In order to build a general solution for IPC, we need to narrow down some requirements. I have used XPC as a model so the feature set I’m aiming at will be a subset of the one offered by XPC. Without further ado, here’s the list of requirements for our solution:

  1. A communication channel
  2. A client-server connection architecture
  3. Non-blocking communication (i.e. Asynchronous I/O)
  4. Message framing for data that is sent through the channel
  5. Support for complex data to be sent through the channel
  6. Secure encoding and decoding of data on each end of the channel
  7. Error and invalidation handling

Let’s now discuss each requirement individually and let’s try to figure out a way to solve each of them.

A communication channel

By creating a stream socket of Unix local type at a given path in the application group container directory we can support multiple processes connecting and sending data to each other. By specifying a unique name for the socket we can even support multiple simultaneous connections. It is however important for the client and server to agree on the name so that they can find each other.
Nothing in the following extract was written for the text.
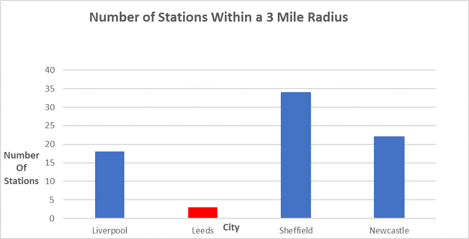 The number of other rapid transport stations (this includes train, metro or tram stations) within a 3-mile radius of the main city station were then counted. This process was then repeated for a range of core northern cities including Liverpool, Sheffield and Newcastle. For Leeds there are just 3 other stations within the 3-mile radius…. Just to clarify that’s not a typo. Compare this with Sheffield, where there are numerous tram stations within a 3-mile radius of the main station. Leeds comes out just as badly when compared against Newcastle and Liverpool, which have numerous metro stations within the same 3-mile radius.

Creating such a socket is as simple as:

dispatch_fd_t fd = socket(AF_UNIX, SOCK_STREAM, 0);

AF_UNIX creates a Unix domain socket (vs an Internet socket for example) and SOCK_STREAM makes the socket a stream socket (other options could be datagram or raw).

Note that creating a socket doesn’t even require a path to be specified. The path is usually specified later so we’ll discuss it in the next section. For now, we can just remember that calling socket returns a file descriptor.

A client-server connection architecture

For our hosts to communicate with each other we need a particular architecture where we can make sure that multiple hosts can connect to each other. In order to achieve this, we use a client-server architecture where one host acts as the server by creating the socket on disk and waiting for connections and the other host(s) act as clients by connecting to the server.

In socket parlance, the server binds to the socket and listens for connections while the client connects. For the client to fully connect, the server has to accept the connection. Let’s see how that translates to code.

We can construct the socket path by appending a unique identifier to the path of the application group container directory that all applications in the group have read/write access to. As long as both server and clients agree on the unique identifier, we now have a channel through which they can communicate.

First, on the server side we would start the connection by doing (error handling removed for brevity):

const char *socket_path = ...

dispatch_fd_t fd = socket(AF_UNIX, SOCK_STREAM, 0);

struct sockaddr_un addr;
memset(&addr, 0, sizeof(addr));
addr.sun_family = AF_UNIX;

unlink(socket_path);
strncpy(addr.sun_path, socket_path, sizeof(addr.sun_path) - 1);

bind(fd, (struct sockaddr *)&addr, sizeof(addr));

listen(fd, kLLBSDServerConnectionsBacklog);

Similarly, on the client side we would connect to the server with:

const char *socket_path = ...

dispatch_fd_t fd = socket(AF_UNIX, SOCK_STREAM, 0);

struct sockaddr_un addr;
memset(&addr, 0, sizeof(addr));
addr.sun_family = AF_UNIX;

strncpy(addr.sun_path, socket_path, sizeof(addr.sun_path) - 1);

connect(fd, (struct sockaddr *)&addr, sizeof(addr));

A couple notes. On the server, we call unlink() before binding to the socket. This is to make sure that a previous socket that was not correctly cleaned up is correctly removed before creating a new one. Also, note that connect() will fail if the server is not listening for connection. Usually, one should make sure that the server is running before attempting to connect a client (ideally, the server runs all the time, like a daemon process for example). Given that applications are short-lived on iOS, a typical scenario would involve attempting to connect the client multiple times until it succeeds.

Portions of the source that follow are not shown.